Gout is usually diagnosed in the 6th or 7th decade of life.23  The likely cause of this patient's gout is renal dysfunction. Early renal dysfunction is often missed when serum creatinine and typical measures of GFR are used to assess function in people with SCD.10  The earliest renal complication in people with SCD is hyposthenuria, or the inability to concentrate the urine, which progresses with age. In addition to hyposthenuria increased renal tubular secretion of creatinine also starts in childhood.24  Due to this, serum creatinine values in SCD do not rise until significant renal impairment occurs (GFR of 30 mL/min or less).10  Relying on serum creatinine levels will lead providers to miss significant renal disease. Renal dysfunction in SCD is very common with progression to chronic kidney disease in up to 18% of patients.10  One feature that should lead a provider to investigate for renal dysfunction is hypertension.

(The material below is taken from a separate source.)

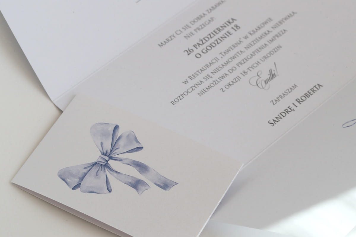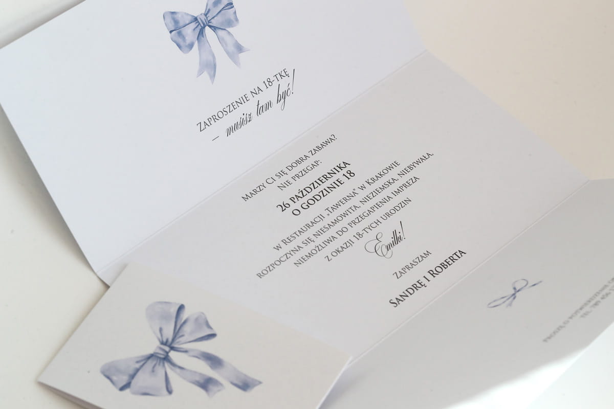 Zaproszenia na 18 urodziny z rozkoszną, niebieską kokardką

Patients with SCD have been noted to have lower mean blood pressures than the general African American population,25  so even mild elevations in blood pressure should trigger an investigation of renal function. Along with the increased secretion of creatinine, patients with SCD will also hypersecrete uric acid.24  The development of gout should therefore lead to a thorough investigation of renal function as it suggests that renal impairment is preventing the hypersecretion of uric acid and causing the increase in serum levels. In addition, this patient may be at greater risk for renal disease and gout because of his high red cell turnover as reflected by his high reticulocyte count. Although he has had high red cell turnover his whole life, he now has gout; this suggests that in addition to increased production of uric acid, there is now an issue with renal secretion. In a review of 90 patients who were enrolled in a Natural History protocol at the Clinical Center of the National Institutes of Health, 13 had gout. Those patients with gout had significantly higher creatinine levels than those without gout.26 

As using creatinine to screen for renal dysfunction in this population will miss significant renal impairment, current recommendations from the NHLBI guidelines are to screen annually with routine urinalysis to evaluate for proteinuria starting at the age of 10 years. If the result is positive, the guidelines recommend performing a first morning void urine albumin-creatinine ratio and if abnormal, consult with a renal specialist. It is important to remember that the standard calculations of glomerular filtration rate can't be used reliably in patients with SCD and in the acute setting, an increase of 0.3 mg/dL in creatinine should prompt an avoidance of nephrotoxic agents.10 

In this patient who is discovered to have significant proteinuria on urine dipstick, further investigation can be done by sending a urine albumin-creatinine ratio or a 24 hour urine test for protein. One study that examined the accuracy of spot urine albumin-creatinine (A/C) ratios in people with SCD showed that the correlation between urine albumin-creatinine ratio with 12 hour urine collections was poor; however, they did show that values of A/C ≥0.45 and <0.45 were indicative of raised and normal urine albumin excretion, respectively.27 

Once a patient is found to have micro or macroalbuminuria without any other known cause, the NHLBI guidelines recommend initiation of ACE-inhibitor therapy. This recommendation is based on several trials including a double-blind, placebo-controlled randomized trial of 22 adults with sickle cell anemia and microalbuminuria that found that captopril for 6 months significantly reduced albuminuria.28  Two other observational trials demonstrated similar reductions in proteinuria with ACE inhibition. The NHLBI guidelines recommend initiation of ACE therapy even when patients are normotensive. Finally, in SCD patients who require renal replacement therapy, renal transplant should be considered. In a recent study using the Organ Procurement and Transplanting Network/United Network for Organ Sharing data, investigators showed improvements in 6 year kidney transplant outcomes in recent years (2000-2011) compared to prior years (1988-1999) with results similar to those seen for patients with diabetes who received transplants.29 

RN is a 22-year-old with hemoglobin SC disease who presents to the ED with SOB and chest pain. She reports that she was studying for her physics final and had been spending lots of time sitting in the library. She feels the pain is different from her typical vaso-occlusive pain. A CT scan of the chest reveals bilateral pulmonary emboli. She is not on birth control and does not smoke. You confirm that she is not pregnant and start her on enoxaparin.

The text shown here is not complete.